**Instructions for the task**
Output exactly the lines that come between the start of the material and the line containing "Piętro domu to", both ends included, with the pictures omitted.

**Input data**
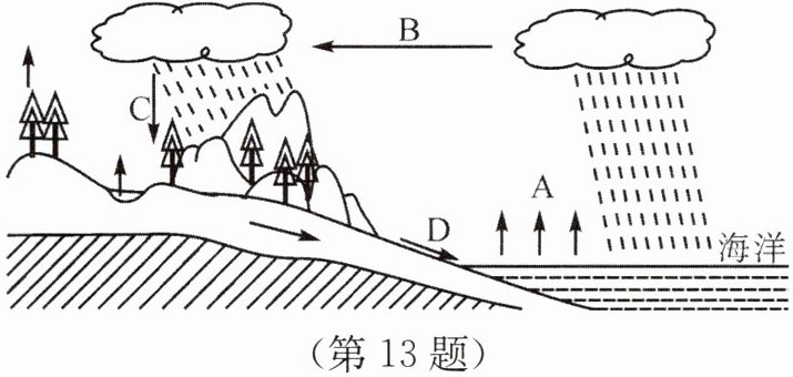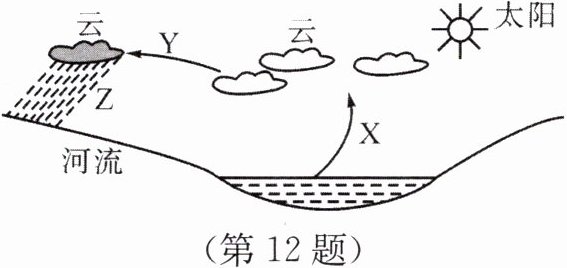 12.水资源是可再生资源,在水循环中,水不断地在大气和地表之间运动。如图所示为水循环的一部分,图中标着X、Y和Z的地方表示水循环中的三个环节。下列说法中,正确的是 ( )
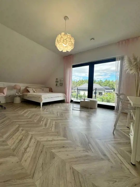Piętro domu to 3 sypialnie (obecnie 1 z sypialni jest przerobiona na oddzielną garderobę), łazienka z oknem. Warto zaznaczyć, że największa sypialnia posiada ponad 30 m2 z wyjściem na balkon i wydzieloną garderobą.
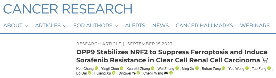 2023年9月15日,海棠书屋 王陈继团队、海棠书屋 附属肿瘤医院叶定伟、戴波团队和西南医科大学附属医院徐富江团队合作在Cancer Research在线发表了题为DPP9 Stabilizes NRF2 to Suppress Ferroptosis and Induce Sorafenib Resistance in Clear Cell Renal Cell Carcinoma的研究论文。该研究发现揭示DPP9通过竞争性结合KEAP1,稳定NRF2蛋白水平,激活氧化应激信号,抑制细胞铁死亡,从而诱导了ccRCC靶向治疗耐药。
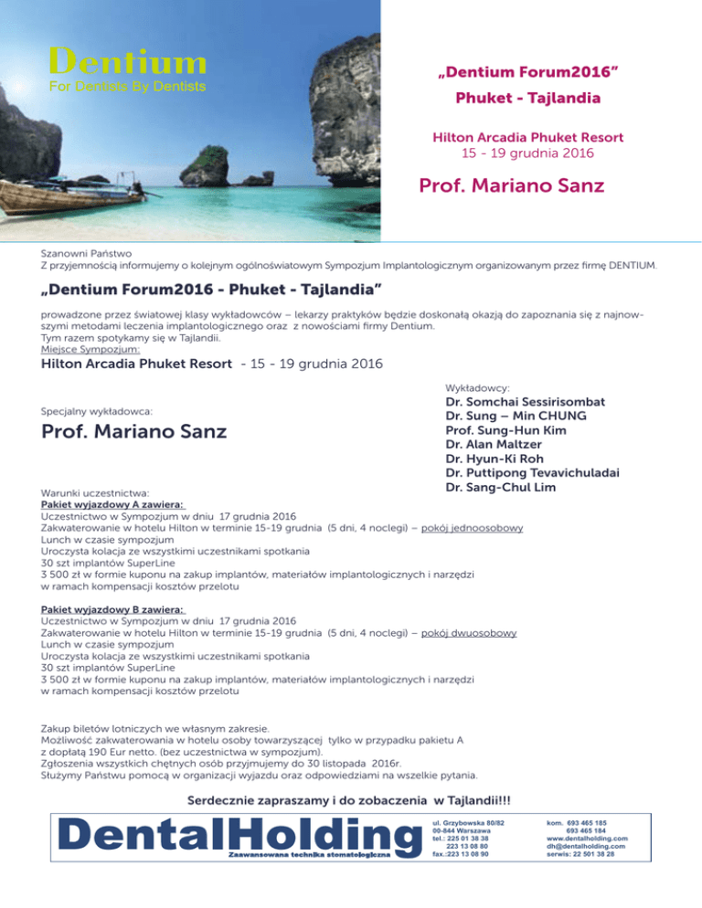 „Dentium Forum2016” Phuket - Tajlandia Hilton Arcadia Phuket Resort 15 - 19 grudnia 2016 Prof. Mariano Sanz Szanowni Państwo Z przyjemnością informujemy o kolejnym ogólnoświatowym Sympozjum Implantologicznym organizowanym przez firmę DENTIUM. „Dentium Forum2016 - Phuket - Tajlandia” prowadzone przez światowej klasy wykładowców – lekarzy praktyków będzie doskonałą okazją do zapoznania się z najnowszymi metodami leczenia implantologicznego oraz z nowościami firmy Dentium. Tym razem spotykamy się w Tajlandii. Miejsce Sympozjum: Hilton Arcadia Phuket Resort - 15 - 19 grudnia 2016 Wykładowcy: Specjalny wykładowca: Prof. Mariano Sanz Dr. Somchai Sessirisombat Dr. Sung – Min CHUNG Prof. Sung-Hun Kim Dr. Alan Maltzer Dr. Hyun-Ki Roh Dr. Puttipong Tevavichuladai Dr. Sang-Chul Lim Warunki uczestnictwa: Pakiet wyjazdowy A zawiera: Uczestnictwo w Sympozjum w dniu 17 grudnia 2016 Zakwaterowanie w hotelu Hilton w terminie 15-19 grudnia (5 dni, 4 noclegi) – pokój jednoosobowy Lunch w czasie sympozjum Uroczysta kolacja ze wszystkimi uczestnikami spotkania 30 szt implantów SuperLine 3 500 zł w formie kuponu na zakup implantów, materiałów implantologicznych i narzędzi w ramach kompensacji kosztów przelotu Pakiet wyjazdowy B zawiera: Uczestnictwo w Sympozjum w dniu 17 grudnia 2016 Zakwaterowanie w hotelu Hilton w terminie 15-19 grudnia (5 dni, 4 noclegi) – pokój dwuosobowy Lunch w czasie sympozjum Uroczysta kolacja ze wszystkimi uczestnikami spotkania 30 szt implantów SuperLine 3 500 zł w formie kuponu na zakup implantów, materiałów implantologicznych i narzędzi w ramach kompensacji kosztów przelotu Zakup biletów lotniczych we własnym zakresie. Możliwość zakwaterowania w hotelu osoby towarzyszącej tylko w przypadku pakietu A z dopłatą 190 Eur netto. (bez uczestnictwa w sympozjum). Zgłoszenia wszystkich chętnych osób przyjmujemy do 30 listopada 2016r. Służymy Państwu pomocą w organizacji wyjazdu oraz odpowiedziami na wszelkie pytania. Serdecznie zapraszamy i do zobaczenia w Tajlandii!!! ul. Grzybowska 80/82 00-844 Warszawa tel.: 225 01 38 38 223 13 08 80 fax.:223 13 08 90 kom. 693 465 185 693 465 184 www.dentalholding.com [email protected] serwis: 22 501 38 28

**Final answer**
 12.水资源是可再生资源,在水循环中,水不断地在大气和地表之间运动。如图所示为水循环的一部分,图中标着X、Y和Z的地方表示水循环中的三个环节。下列说法中,正确的是 ( )
Piętro domu to 3 sypialnie (obecnie 1 z sypialni jest przerobiona na oddzielną garderobę), łazienka z oknem. Warto zaznaczyć, że największa sypialnia posiada ponad 30 m2 z wyjściem na balkon i wydzieloną garderobą.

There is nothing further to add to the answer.